A California Energy Commission workshop this week looked at using cloud seeding to increase winter precipitation and snowpack as a way to boost late spring and summer runoff and hydropower, especially in the current drought.

“Those of us who are based in California are all too aware that the ongoing drought situation makes these issues particularly salient right now,” Susan Wilhelm, team leader for energy-related environmental research at the CEC, said Tuesday at the workshop. “While hydroelectric power is an important source of zero-carbon dispatchable power in our state, by late summer, hydropower resources are significantly diminished. This is especially so during drought conditions and has been especially so this year.”

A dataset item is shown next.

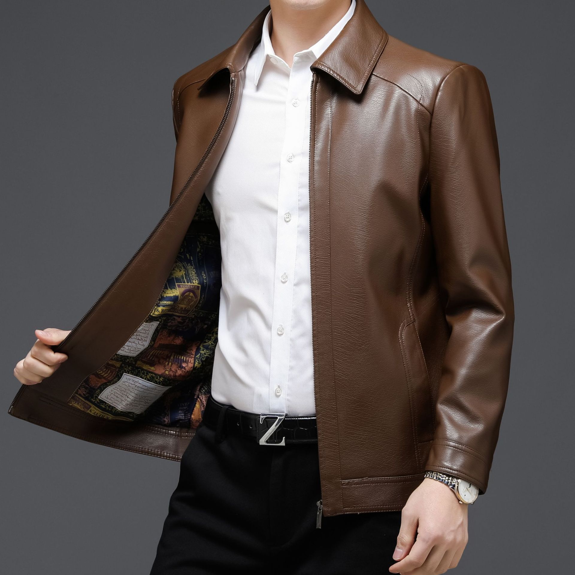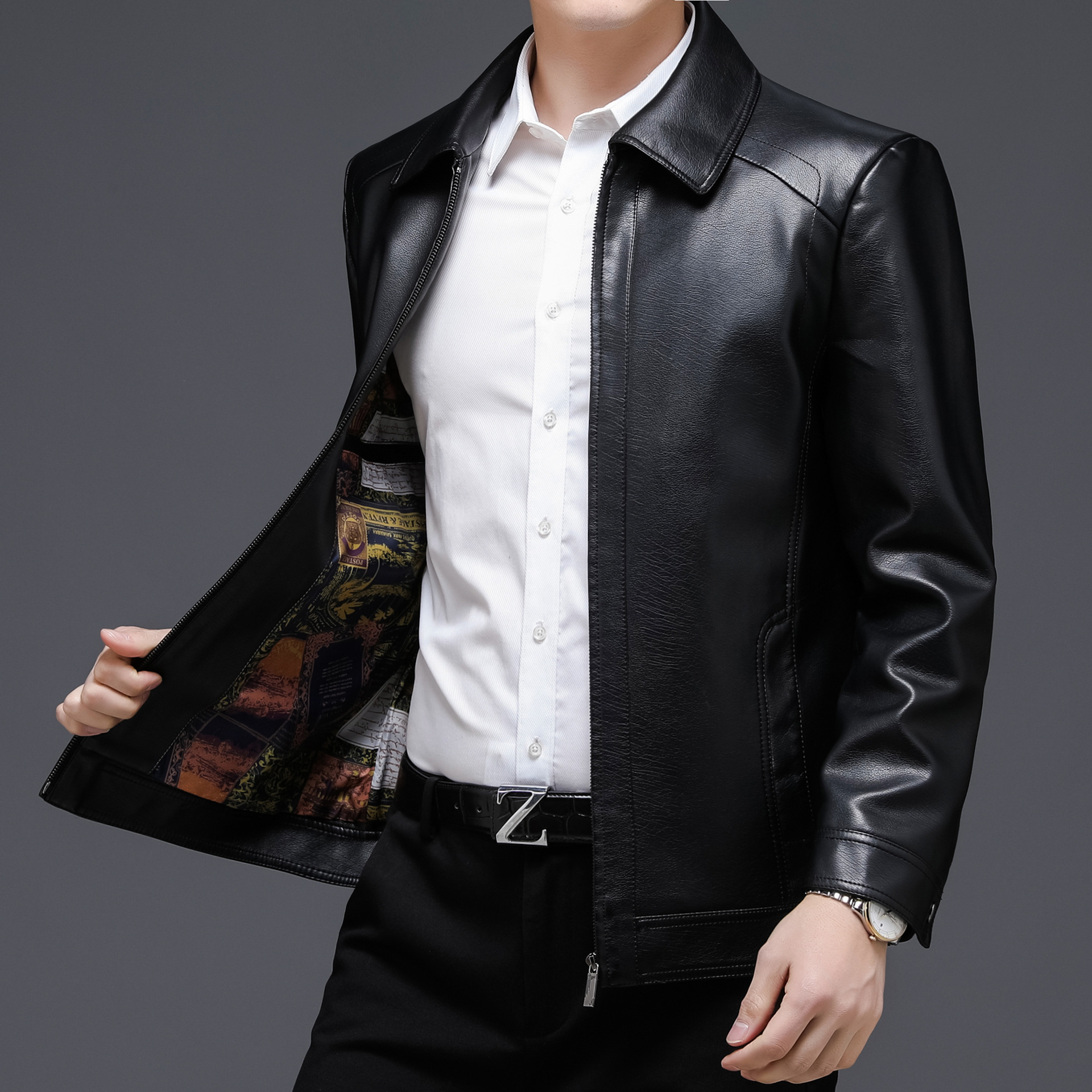 2021 봄과 가을 얇은 패션 가죽 남성 칼라 가죽 자켓 중년 아버지 가죽 코트 머리카락 세대스토어 가기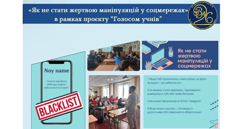 З метою запобігання втягненню дітей у протиправну діяльність та захисту від маніпуляцій у цифровому середовищі, омбудсмени ліцею разом із соціальним педагогом Висоцьким Д.В. провели тематичні бесіди з учнями 7-9 класів на тему «Як не стати жертвою маніпуляцій у соцмережах».Зустрічі відбулися в рамках проєкту «Голосом учнів» …

Most of the state is in exceptional or extreme drought, according to the U.S. Drought Monitor. Major reservoirs behind hydroelectric dams stand far below their averages for November. Lake Shasta, the state’s largest reservoir, held 35% of its average content in mid-November and Lake Oroville held 58% of its average. The hydroelectric facility at Lake Oroville stopped producing power this summer for the first time since it opened in 1967 due to low water levels.

“There is a dire situation … [and] so cloud seeding is one of the viable alternatives to mitigate some of the adverse impacts of drought,” said Ramesh Gautam, manager of the snow survey program at the California Department of Water Resources. California and other Western states, including Arizona, Idaho and North Dakota, have been seeding clouds for decades, he said.

The Sacramento Municipal Utility District (SMUD) has been seeding clouds over the upper American River watershed southwest of Lake Tahoe since 1969 to increase hydropower production.

“To obtain this, we use glaciogenic seeding techniques, dispersing silver iodide particles when cloud conditions are ideal,” said Kaitlyn Bednar, SMUD hydrographer and cloud seeding project manager. The particles can be dispersed from ground units or airplanes, she said.

“Silver iodide is used as a cloud seeding agent because it has a crystalline structure similar to ice crystals,” she said. “It acts as an effective ice nucleus at around negative four degrees Celsius and lower. Once seeded, these newly formed ice crystals then continue to grow at a more rapid rate and fall out of suspension.”

Seeding clouds in the right conditions increases snowpack by roughly 3% to 10%, Bednar said.

“So, for example, in an average year if you get 50 inches of snow water equivalent, cloud seeding can increase that value up to 55 inches, translating to a large increase of runoff and power generation,” she said.

SMUD expanded its target area in 2017 from roughly 190 square miles to 444 square miles and seeds from November to March, Bednar said. Evaluations in 1975 and again in 2017 showed SMUD’s cloud-seeding has had insignificant environmental effects, if any, she said.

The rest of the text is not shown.